Sunday, May 10, 2020

THE ANTI-SNEAKERS LEAGUE

With all the crap that's been happening recently, it's easy to get bummed out. Yesterday, something occurred to me that helped put things in perspective. When I'm outside around the hood, there's a shitload of birds, particularly parrots, seagulls, crows, doves, finches, sparrows, humming birds, an occasional hawk of some sort and every once in a while a bluebird. Oh, and a little after the sun goes down three white owls go out on their sorties. With the lack of air traffic (I live in a flight path), the abundance of birds is easier to notice. They tweet, they chirp, and they squawk. They don't know anything about Covid, Trump, or that Little Richard, Tony Allen and Florian Schneider all died this week. Snails still crawl, trees still grow. It's not all about us humans. The rest of the living world is still cruising along. We're just fucking ants.

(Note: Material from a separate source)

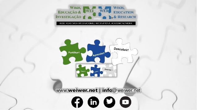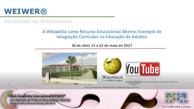 15. 15. Rede Académica Internacional WEIWER® um exemplo de Práticas Educacionais Abertas Teresa Cardoso, Filomena Pestana, João Pinto WEIWER® Formação de Professores A Wikipédia como Recurso Educacional Aberto: Exemplo de Integração Curricular na Educação de Adultos 24 de abril, 15 e 22 de maio de 2017 11.ª ConfOA 2020, 6 outubro https://pt.wikipedia.org/wiki/Ficheiro:Wikipedia_logo_gold.png https://pt.wikipedia.org/wiki/Ficheiro:YouTube_Logo_2017.svg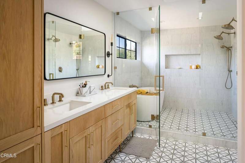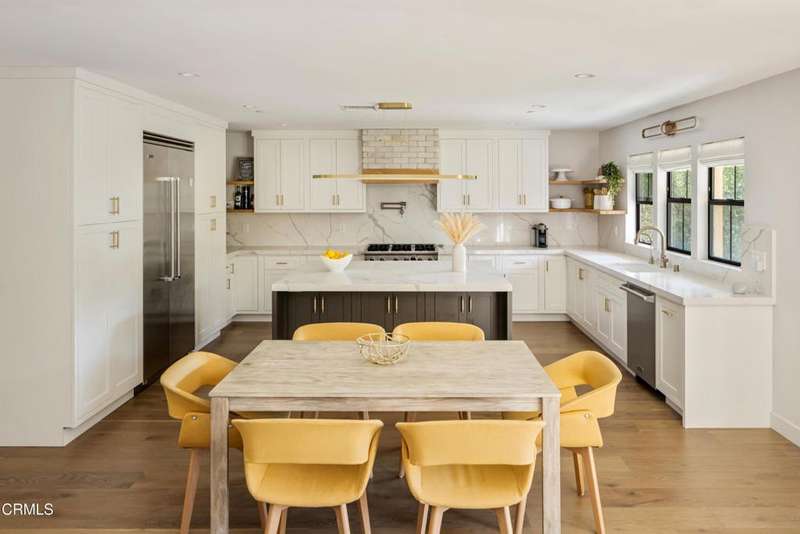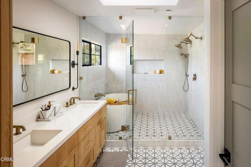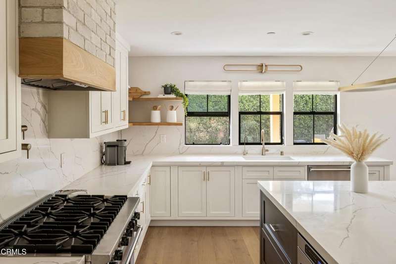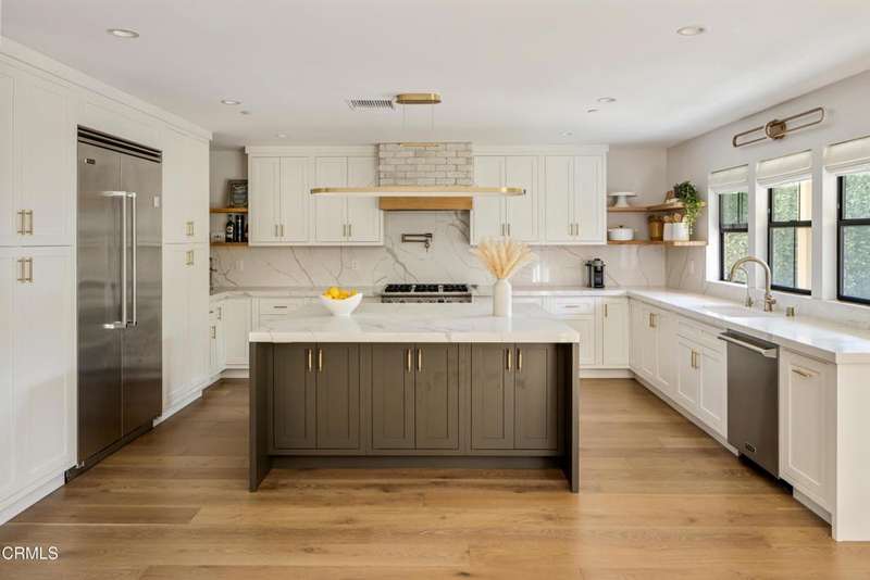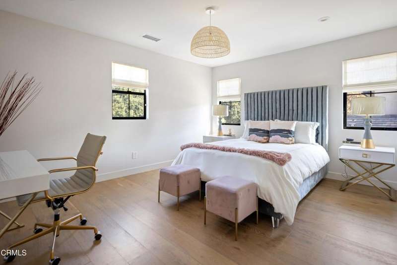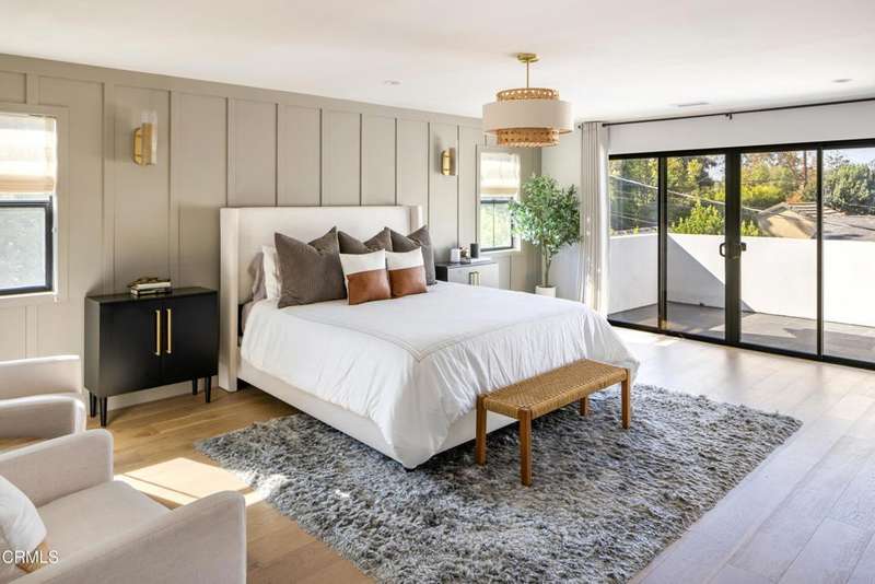 Immaculate, modern, and undeniably elegant, this East Pasadena residence in Chapman Woods represents the pinnacle of contemporary luxury. Originally built in 1948 and fully reimagined in 2021, the home masterfully blends timeless character with sophisticated design, situated on an 8917 square foot, flat lot. A striking mix of warm hues and brick on the facade sets the tone for the 3,327-square-foot interior, where refined finishes and thoughtful craftsmanship define every space. The entry living area centers around a dramatic fireplace, while floor-to-ceiling glass doors reveal a versatile office or gym. Designed for effortless entertaining, the open-concept great room and chef's kitchen feature custom cabinetry, quartz countertops and backsplash, premium stainless steel appliances, and a generous island for gathering. Wide-plank hardwood floors, designer tile, and curated wallpaper accents add texture and warmth throughout. The home offers 4 bedrooms and 5 bathrooms, including a main-floor guest suite with sliding doors to a covered patio and the landscaped yard. Upstairs, a secondary living area complements three en-suite bedrooms. The primary suite is a serene retreat with its own balcony, walk-in closets, and a spa-inspired bath featuring a soaking tub and glass-enclosed shower. A two-car garage and motor court provide ample parking, while the location offers easy access to freeways, shopping, dining, and parks. Sophisticated yet welcoming, this home delivers an exceptional lifestyle in one of East Pasadena's most sought-after neighborhoods.

I decided a good ol' fashioned pick me up was in order and I chose the first song that came to mind, "Nice Day" by Persephone's Bees. Man, I totally forgot what a great song it is. It really hit the spot. It's epic well crafted pop.

It also occurred to me that today is Mother's Day. Nat King Cole's "Nature Boy" is the last song I saw my Mom get lost in, so it's down there too. It too puts things in perspective. Totally different types of music but both songs push the same buttons, for me anyway.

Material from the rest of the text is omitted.